« Tout le monde arabe paiera le prix ! » : le commentateur égyptien met en garde contre l’accord de Trump avec l’Iran

Ce n’est pas depuis Tel-Aviv ou Washington que les critiques les plus cinglantes de l’accord entre les États-Unis et l’Iran ont fusé — c’est depuis le plateau d’une émission arabe. Dans un débat particulièrement tendu diffusé sur l’une des chaînes les plus regardées du monde arabophone, deux analystes de premier plan ont décortiqué le mémorandum d’entente signé à Bürgenstock avec une franchise qu’on n’entend guère dans les communiqués officiels des capitales du Golfe.
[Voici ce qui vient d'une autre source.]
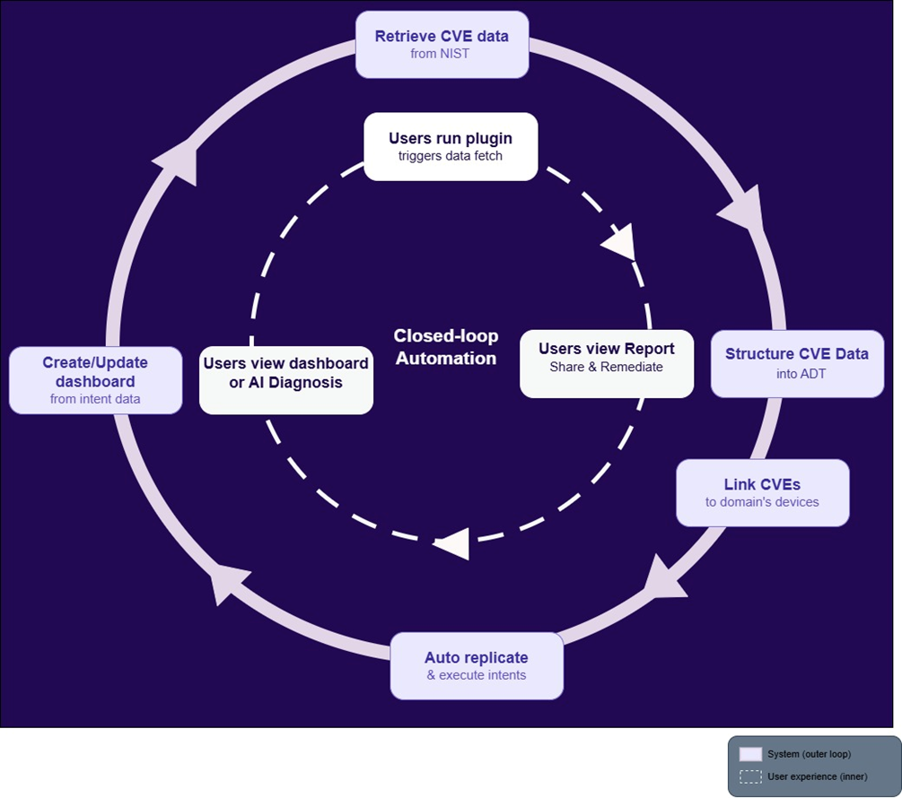 - Creates dashboards/reports so users can quickly see exposure. The CVE automation resources include network intents, automation data tables, and dashboards.
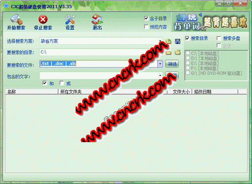 超级硬盘快搜 V3.35 简体中文绿色免费版 超级硬盘快搜是一个高速搜索自己的硬盘文件内容的工具软件,支持多个关键字搜索,就象使用google,百度一样方便,并支持各种源程序文件、txt文本文件、html文件、word文档、excel文档和rtf文档等多种文件格式,如果你愿意,还能让它去搜索一些隐藏在图片中的文字。本软件为绿色软件,不在你的硬盘上生成任何垃圾信息,而且界面直观,简单易用,现在就来google一下你的硬盘吧。这可能是你用过最实用最方便的桌面搜索软件

Amr Adib, le présentateur-vedette egyptien dont l’influence dans le monde arabe n’est plus à démontrer, a ouvert le débat avec une note sarcastique qui résumait l’état d’esprit général : « Le sentiment commun dans le monde — en Amérique, en Europe, au Moyen-Orient, dans les pays du Golfe — c’est l’insatisfaction face à ce qui s’est passé. L’accord n’est pas digéré, il n’est pas avalé. À qui cet accord fait-il plaisir ? La plupart des gens ont le sentiment qu’il s’agit d’un accord en faveur de l’Iran. »

Israel Hai - Toute l actualite israelienne en une seule application gratuite

« Des pays qui auraient voulu être attaqués à la place de l’Iran »
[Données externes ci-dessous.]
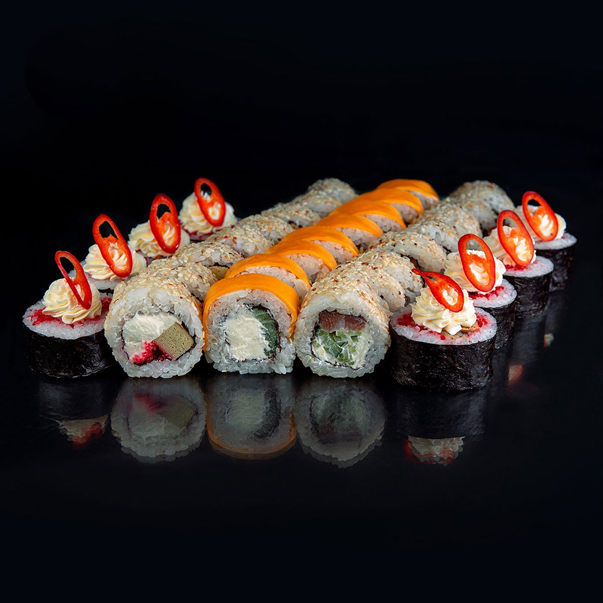 Футо мак з мідіями, Томаго рол, Лас Вегас рол, Чізу рол, імбир, васабі, соус соєвий.
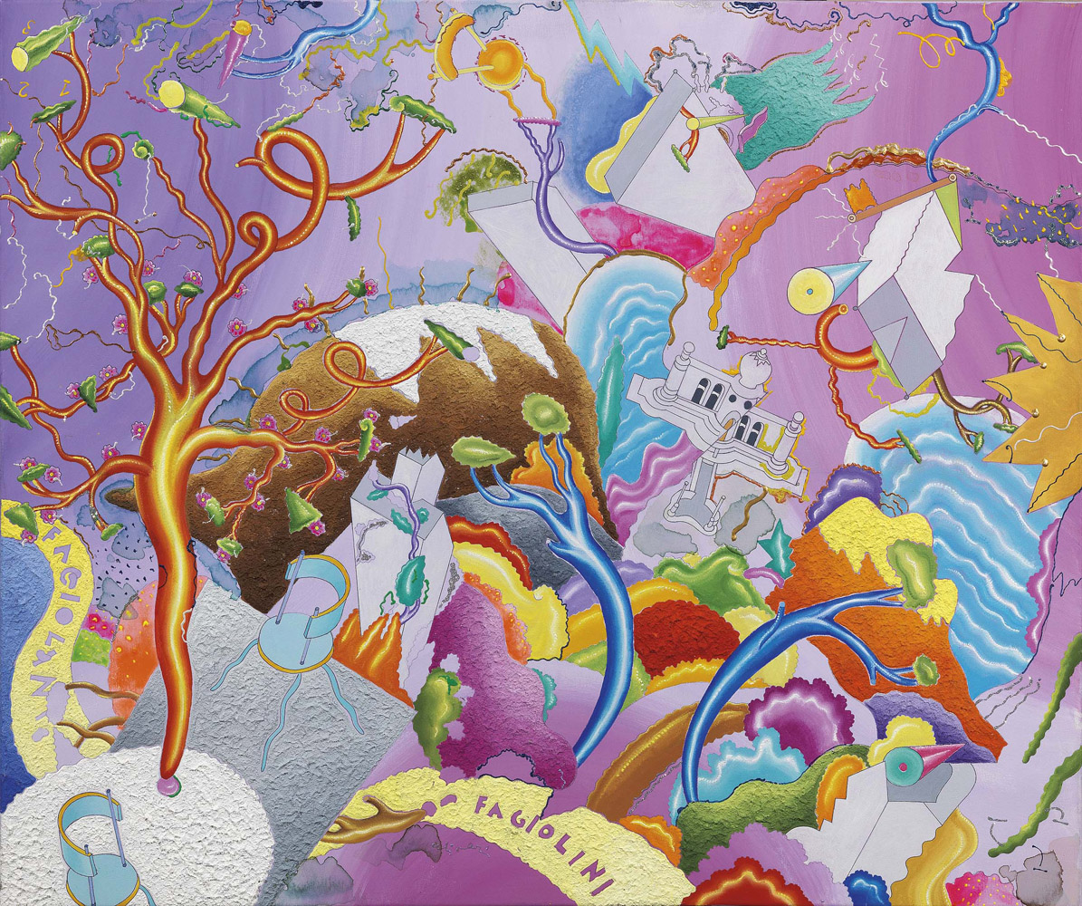 Luca Alinari, Firenze 1943, Sulla strada dei fagiolini, 1997, Tecnica mista su tela, cm. 100x120, Firma in basso al centro: Alinari; titolo al verso sulla tela: Sulla strada dei fagiolini; firma e data sul telaio: Alinari / 97
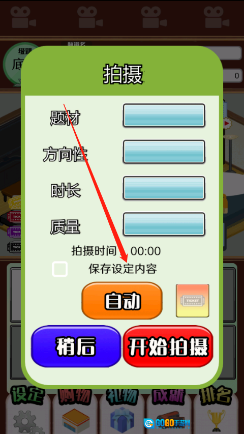 在主界面点击拍摄位,设置题材、方向性、时长、质量等参数。

Adib est allé encore plus loin, pointant l’absurdité de la situation aux yeux des observateurs régionaux : « De nombreux pays auraient aimé être ceux qu’on aurait attaqués à la place de l’Iran — sur la base des acquis qu’ils auraient obtenus. Il y a là quelque chose de très étrange ! »
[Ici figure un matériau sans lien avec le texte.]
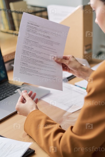 Молодая взрослая женщина просматривает документы, сидя за рабочим столом
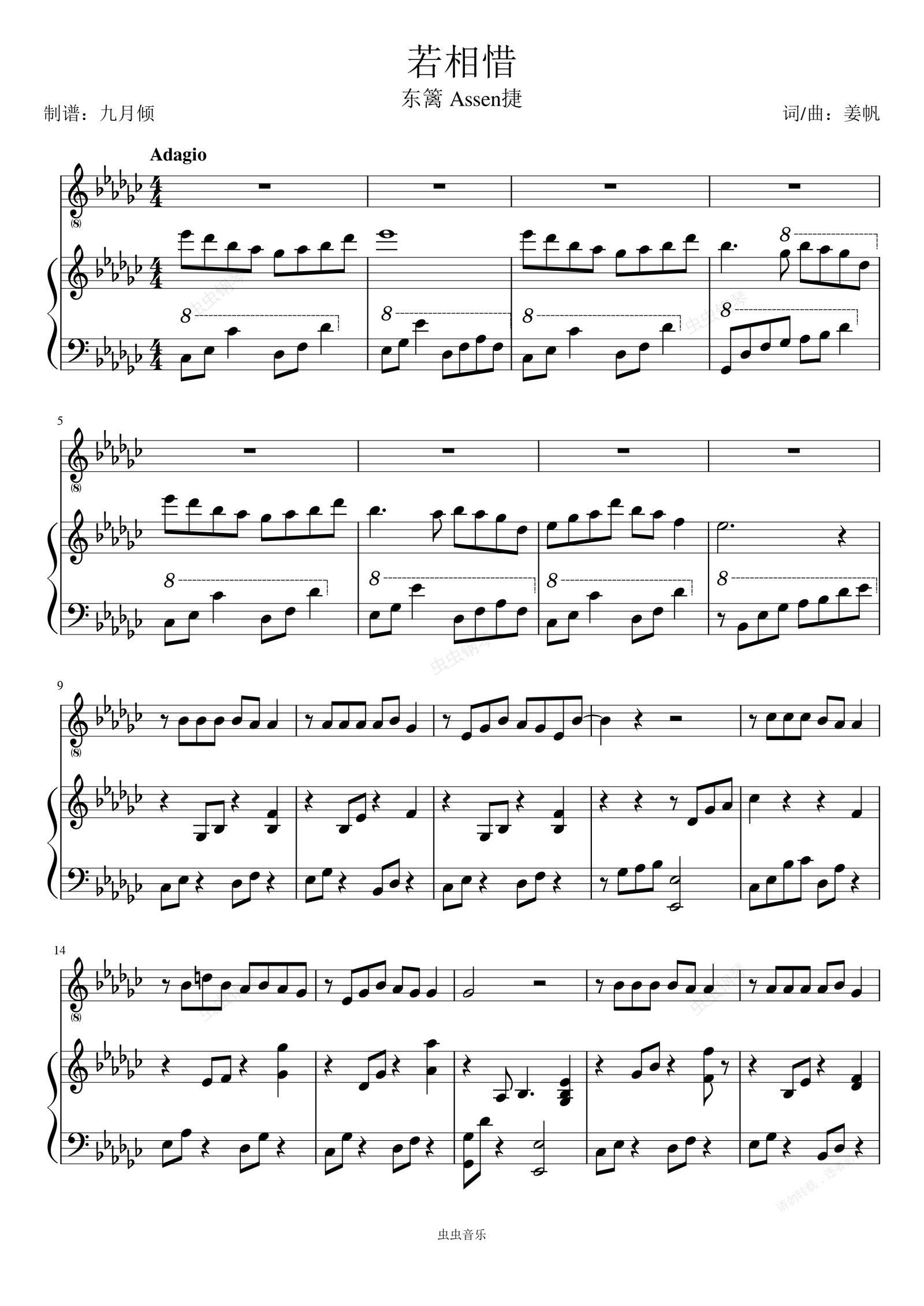 钢琴谱:若相惜-东篱 Assen捷(改良)

La commentatrice Dorea’m a renchéri en identifiant ce qu’elle considère comme une erreur stratégique fondamentale commise par l’administration Trump : la levée de la pression économique sur Téhéran. « Il les libère des pressions économiques. Des fonds américains coulent maintenant vers ce régime, et ces fonds couleront encore davantage. Ce qui signifie un renforcement des Gardiens de la Révolution pour consolider leur emprise sur tous les sujets. »

Sur les dossiers nucléaire, balistique et des drones, Dorea’m a souligné que ces questions avaient été repoussées à des étapes ultérieures — à la demande des Iraniens eux-mêmes, et avec l’accord forcé des Américains. Elle a ajouté que le texte du mémorandum portait également une atteinte à la souveraineté libanaise en « accordant une légitimité au Hezbollah en tant que bras officiel de Téhéran ».

« Voilà ce que vous obtenez d’un pays aussi faible ? »

Amr Adib a formulé la question qui embarrasse le plus les partisans de l’accord du côté américain : « Tu as toujours pensé qu’il les mettrait à genoux. Ils sont tombés vaincus. On parle d’un pays sans ciel, sans direction, sans économie — et c’est le résultat que tu obtiens ? C’est ça l’accord qu’un pays aussi affaibli arrache à la puissance la plus forte du monde ? »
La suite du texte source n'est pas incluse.